Menurut Andrie, sejak dilantik pada 20 Oktober 2024, pemerintahan Prabowo-Gibran belum menunjukkan komitmen nyata dalam menyelesaikan kasus-kasus pelanggaran berat HAM di masa lalu.


“Sejak awal, bahkan ketika ia pertama kali mencalonkan diri pada 2004, Prabowo adalah orang yang harus dipertanggungjawabkan ke pengadilan atas dugaan keterlibatannya dalam kasus penculikan dan penghilangan orang secara paksa tahun 1997-1998,” ujarnya.


Andrie menilai, tidak ada proses penyelesaian yang serius terhadap kasus-kasus pelanggaran berat HAM, baik yang telah ditetapkan Komnas HAM maupun kasus kekerasan lain yang terus berulang.


“Kita tidak yakin kasus pelanggaran HAM akan selesai, setidaknya sampai lima tahun ke depan. Ada budaya impunitas yang membuat pelaku tidak bisa diadili karena tidak adanya kemauan politik dari penguasa,” tegasnya.


Lebih jauh, Andrie menyoroti meningkatnya tindak kekerasan yang dilakukan oleh aparat negara terhadap masyarakat, kecenderungan pemerintah untuk mengembalikan peran militer dalam urusan sipil, politik, dan bisnis menjadi sinyal kemunduran demokrasi.

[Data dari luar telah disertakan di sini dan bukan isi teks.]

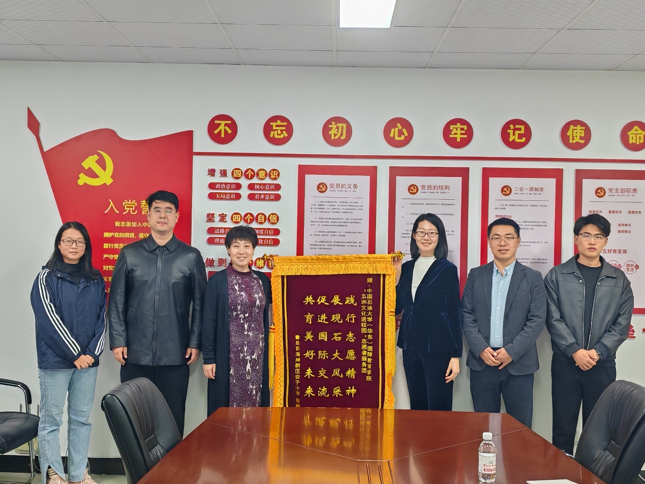 2024年11月13日下午,安子小学校长薛春蔚一行人来到了开云电竞投注(华东)国际教育学院,向学院赠送了一面写有“践行志愿精神展现石大风采促进国际交流共育美好未来”的锦旗,以表达对学院在教育支持和文化交流方面所做贡献的感激之情。
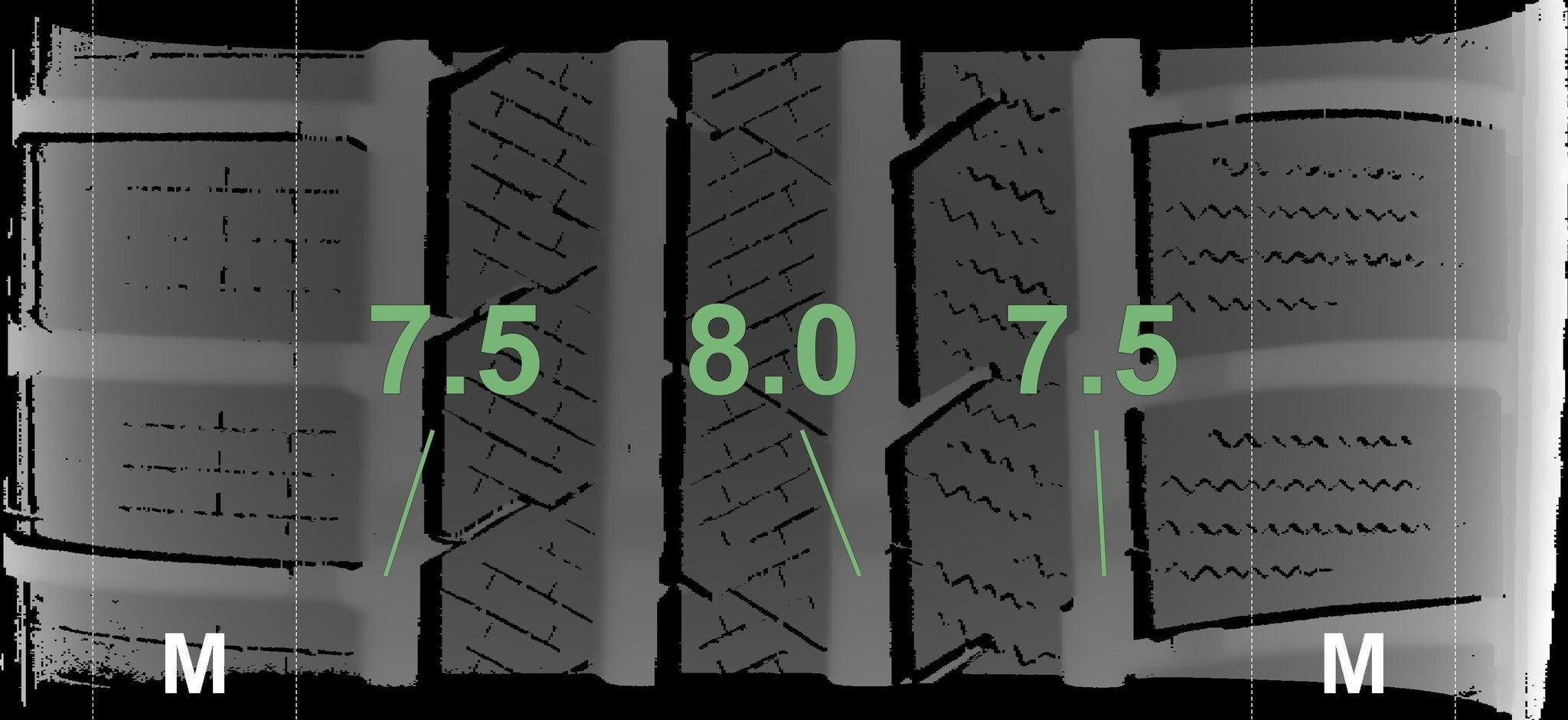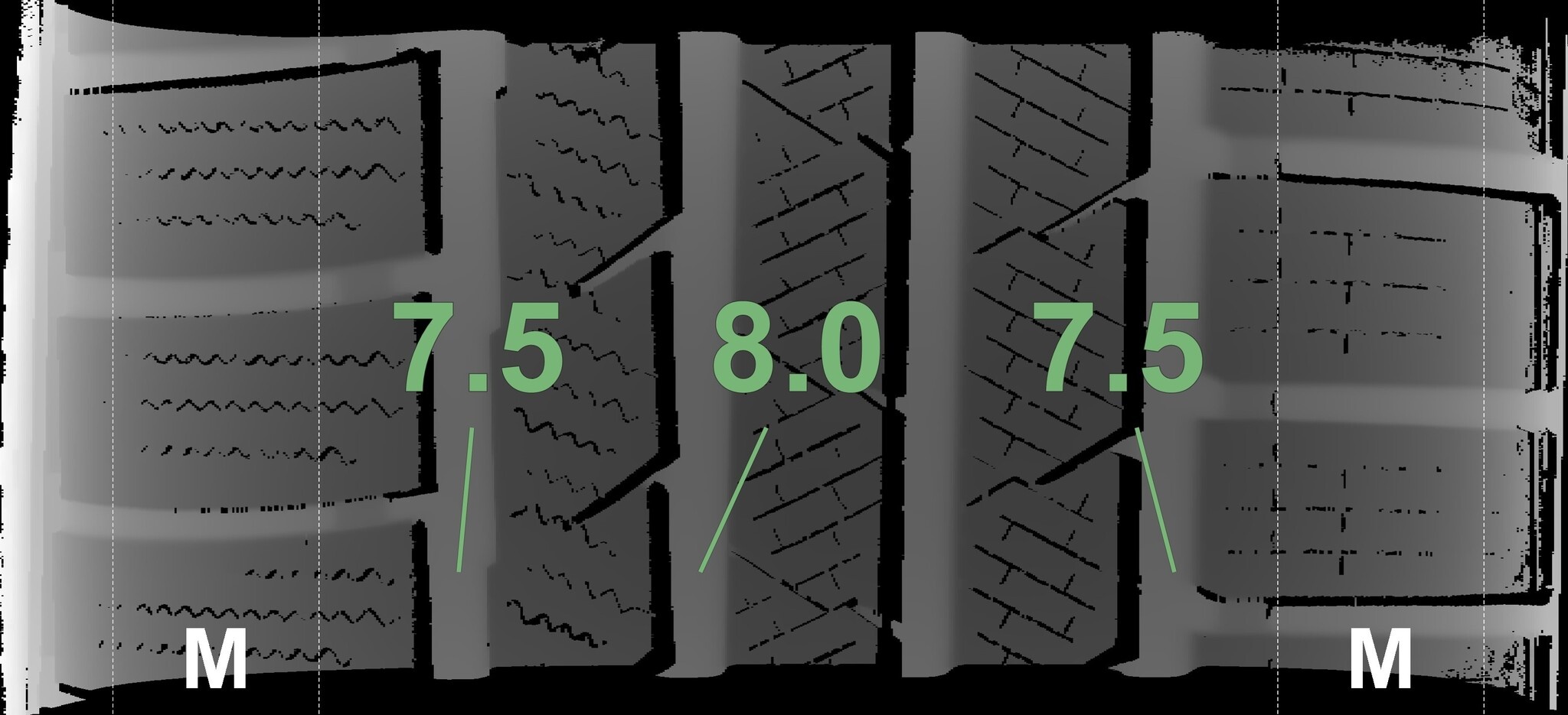 Die gemessenen Profiltiefen und die Details der Felgen sind oben dargestellt.

“Saya dapat informasi akan ada 100 batalion yang akan mengepung Jabodetabek untuk pengamanan ibu kota politik. Ini mengingatkan pada praktik militeristik era Orde Baru,” ucapnya.

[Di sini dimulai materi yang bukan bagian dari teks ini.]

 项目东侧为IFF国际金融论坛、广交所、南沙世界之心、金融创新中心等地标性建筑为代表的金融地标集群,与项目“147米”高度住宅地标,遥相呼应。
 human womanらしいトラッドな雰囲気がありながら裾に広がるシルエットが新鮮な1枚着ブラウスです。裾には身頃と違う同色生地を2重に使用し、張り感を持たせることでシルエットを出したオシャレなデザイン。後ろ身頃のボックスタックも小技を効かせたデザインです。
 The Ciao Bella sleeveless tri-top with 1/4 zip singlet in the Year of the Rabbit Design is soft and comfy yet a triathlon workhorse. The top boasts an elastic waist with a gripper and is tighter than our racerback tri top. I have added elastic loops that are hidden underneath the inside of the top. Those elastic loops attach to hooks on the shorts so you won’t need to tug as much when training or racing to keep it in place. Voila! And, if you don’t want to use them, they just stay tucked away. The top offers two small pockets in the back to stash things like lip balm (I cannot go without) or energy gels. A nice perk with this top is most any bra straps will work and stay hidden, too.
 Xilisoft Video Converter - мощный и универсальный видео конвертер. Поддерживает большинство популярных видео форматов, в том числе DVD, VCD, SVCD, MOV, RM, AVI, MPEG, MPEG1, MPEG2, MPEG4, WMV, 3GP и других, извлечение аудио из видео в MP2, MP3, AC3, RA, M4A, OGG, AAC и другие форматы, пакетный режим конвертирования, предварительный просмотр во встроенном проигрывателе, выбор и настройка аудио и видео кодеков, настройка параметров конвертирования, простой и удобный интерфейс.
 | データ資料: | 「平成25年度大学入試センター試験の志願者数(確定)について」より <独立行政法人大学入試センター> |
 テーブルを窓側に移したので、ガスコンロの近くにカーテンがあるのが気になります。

“Jahatnya, senjata yang dibeli dari jerih payah pajak kita itu ditenteng-tenteng ke tengah jalan, atau bahkan ke tempat-tempat kopi, atau bahkan ke ruang diskusi, untuk memberikan intimidasi agar kita semua diam dan tunduk serta manut pada apa yang diinginkan penguasa,” tambahnya.

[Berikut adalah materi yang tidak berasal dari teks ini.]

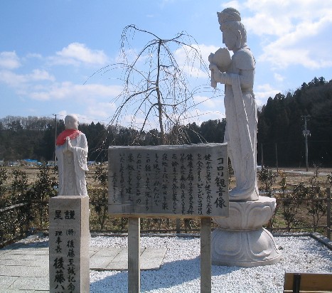 駐車場では「コロリ観音像」がお出迎え。福祉農園やリハビリ運動場まであります。
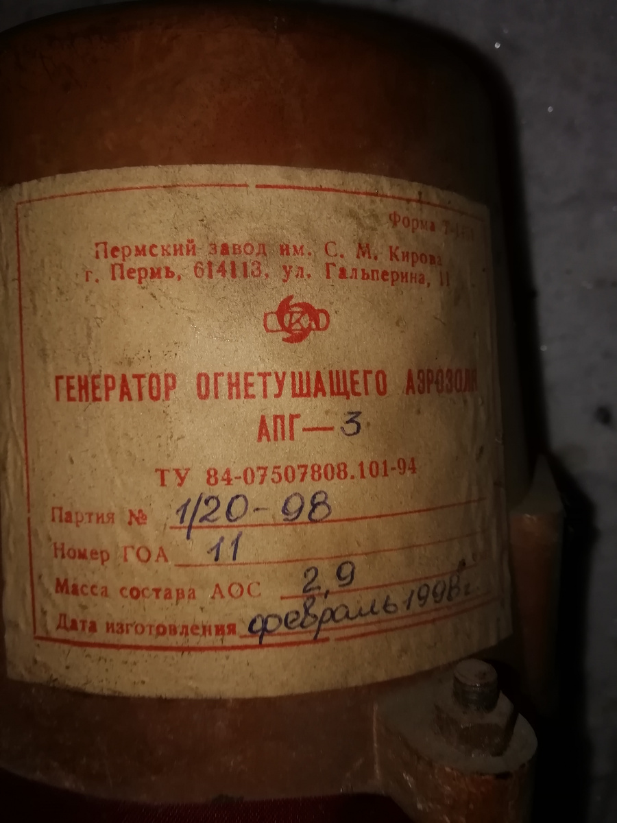 Воспоминание об «артефакте», найденном около года назад. Моим основным направлением в тот период был сбор вторсырья. Особенно я радовался, когда находил цветной металл (медь, алюминий). В этот же период я начал собирать свои первые «артефакты». В один из вечеров решил посетить мусорную площадку, расположенную среди новостроек. Там часто попадался металл (раковины, сантехника, остатки электропроводки и т.д.). И мне повезло. Несколько металлических раковин с кранами, обрезки медных проводов, полотенцесушитель. Довольный, как слон, я уже собирался идти в сторону машины, но решил заглянуть в мусорные контейнеры. В первых двух был стандартный набор: алюминиевые банки, пластиковые бутылки. Все собрал в заранее приготовленные пакеты. А вот в третьем меня ждал сюрприз. Точнее большой черный пакет. Как только я стал его поднимать, понял, что-то тяжелое лежит на самом дне. В тусклом свете уличного фонаря я увидел предмет цилиндрической формы. Тяжелый. Корпус из металла и надпись «генератор огнет

Ia juga menyinggung kerasnya respons aparat terhadap aksi demonstrasi damai yang dilakukan rakyat. Menurutnya, unjuk rasa yang seharusnya menjadi ruang ekspresi aspirasi publik kerap dihadapi dengan kekerasan.


“Demonstrasi dibalas gas air mata oleh pasukan Brimob dan penangkapan oleh intelijen di tempat publik tanda negara semakin sakit,” katanya.


Andrie menegaskan pentingnya sikap kritis masyarakat untuk menolak diam di tengah situasi yang memburuk.


“Kita harus kuat di tengah negara yang sakit. Jangan diam dan jangan lupa, karena jika peristiwa kekerasan masa lalu tidak diselesaikan, maka ia akan terus berulang di masa depan,” tutupnya.